1. We analyze the weather conditions surrounding specific types of malfunctions and detection technologies. python weather_variable_count_type.py --malfunction_file=data/results/malfunction_db.csv --output_dir=data/results/ python weather_variable_count_detector.py --malfunction_file=data/results/malfunction_db.csv --output_dir=data/results This process will output several files:

   malfunction_weather_type_correlation.json and malfunction_weather_detector_correlation.json contains the raw data used to generate the plots.

   malfunction_weather_type_correlation_rate.png and malfunction_weather_detector_correlation_rate.png displays a comparison of the rate that different weather variables cause malfuncitons in NIT devices for different malfunction types

   malfunction_weather_type_correlation_mean.png and malfunction_weather_detector_correlation_mean.png displays the mean and standard deviation of each of the weather variables that influence NIT malfunctions.

2. We analyze the weather conditions surrounding malfunctions in specific camera types. python weather_variable_count_detector.py --malfunction_file=data/results/malfunction_db.csv --output_dir=data/results/

This process will output several files:

malfunction_weather_detector_correlation.json contains the raw data used to generate the plots.

malfunction_weather_detector_correlation_rate.png displays a comparison of the rate that different weather variables cause malfunctions in each NIT device type.

malfunction_weather_detector_correlation_mean.png displays the mean and standard deviation of each of the weather variables that influence NIT malfunctions for each device type.

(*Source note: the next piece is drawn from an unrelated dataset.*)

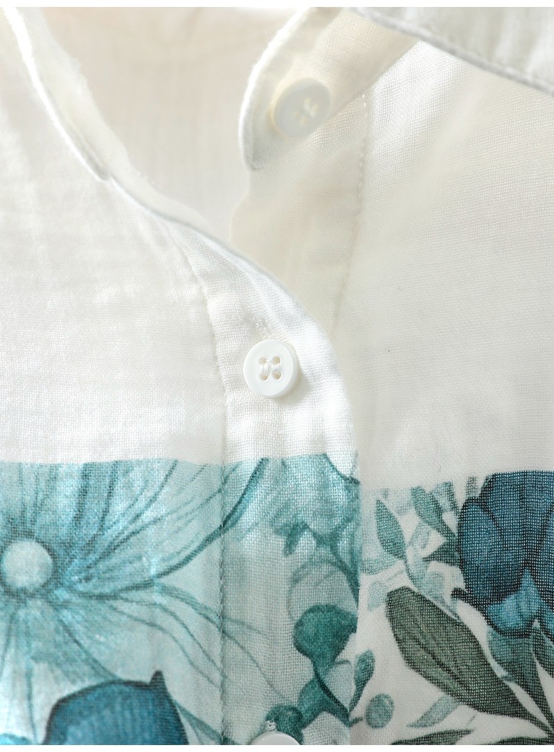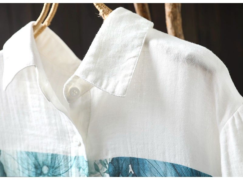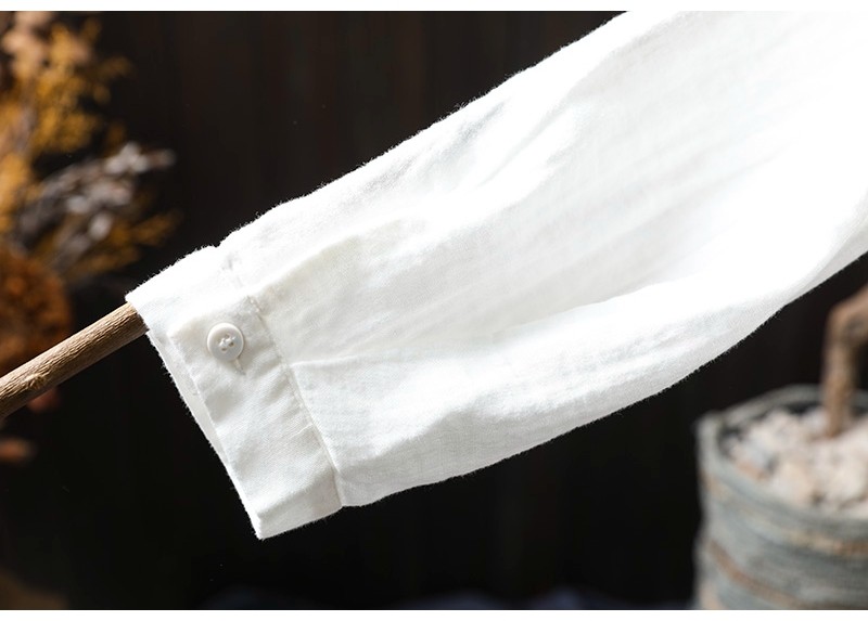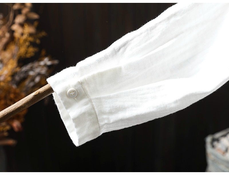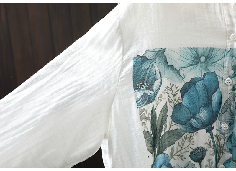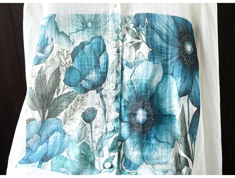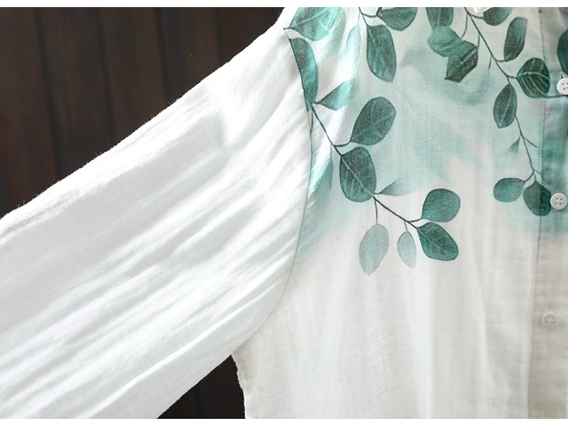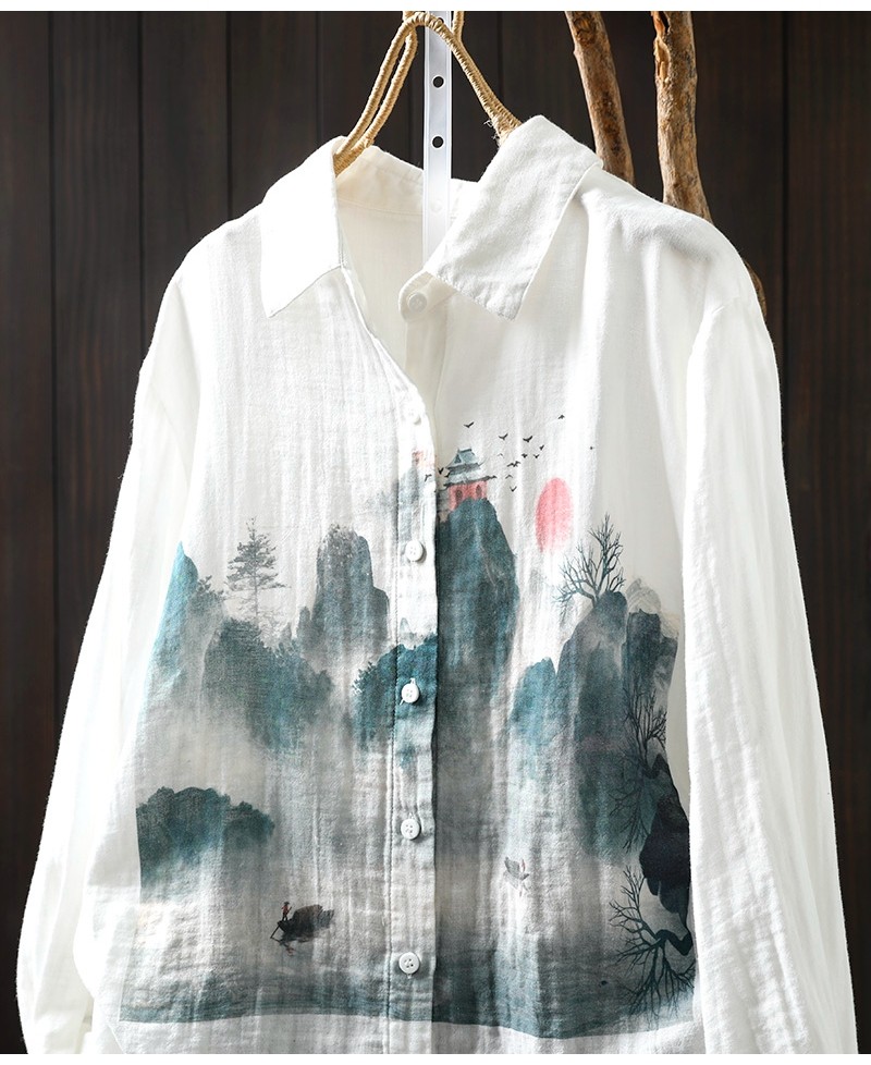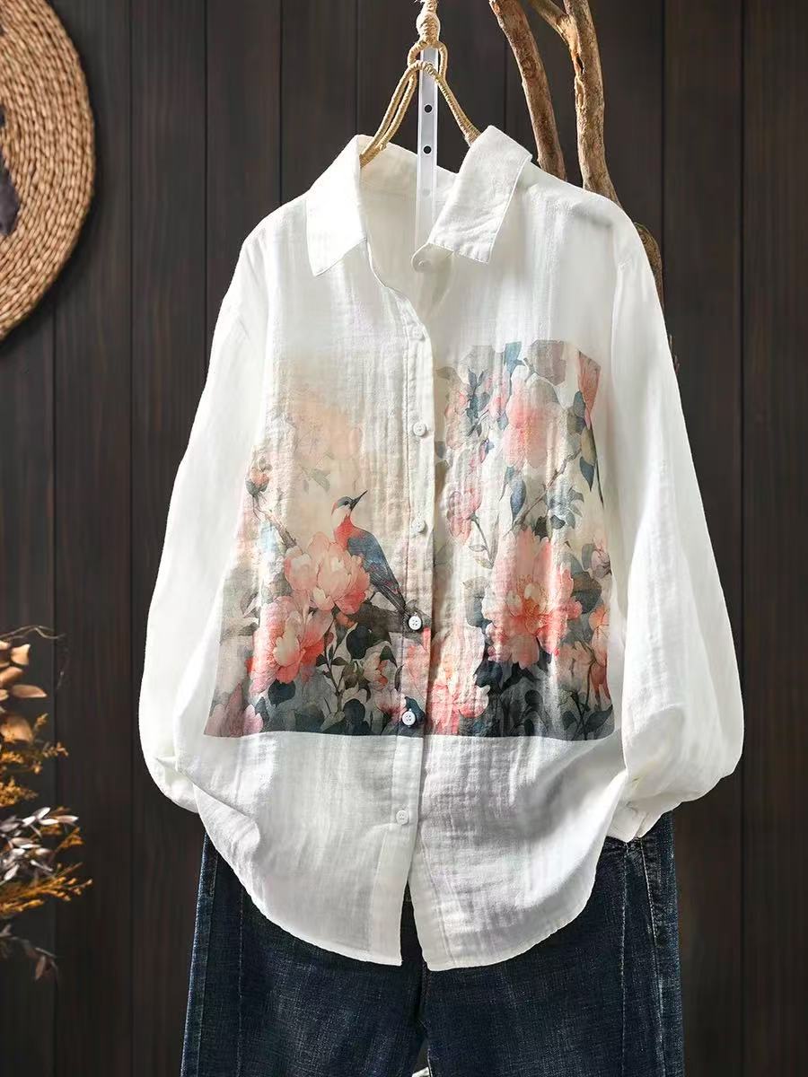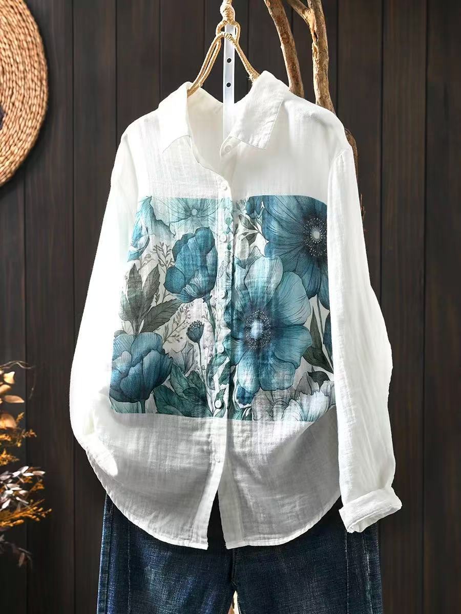 봄 새로운 도착 인쇄 더블 레이어 면 원사 긴 소매 셔츠 여성의 느슨한 슬리밍 예술적 캐주얼 베이스 탑 6666

3. We analyze the number of malfunctions that occur at each location python malfunctions_per_location.py --malfunction_file=data/results/malfunction_db.csv --output_dir=data/results/

This process outputs a CSV file containing the counts of malfunctions of each type that occur at each location

4. We analyze the rate of malfunctions over time for each detection technology

python calc_malfunction_rate.py --malfunction_file=data/results/malfunction_db.csv --output_dir=data/results/

This process outputs a CSV and a plot that describes the number of malfunctions experience per day by different detection technologies.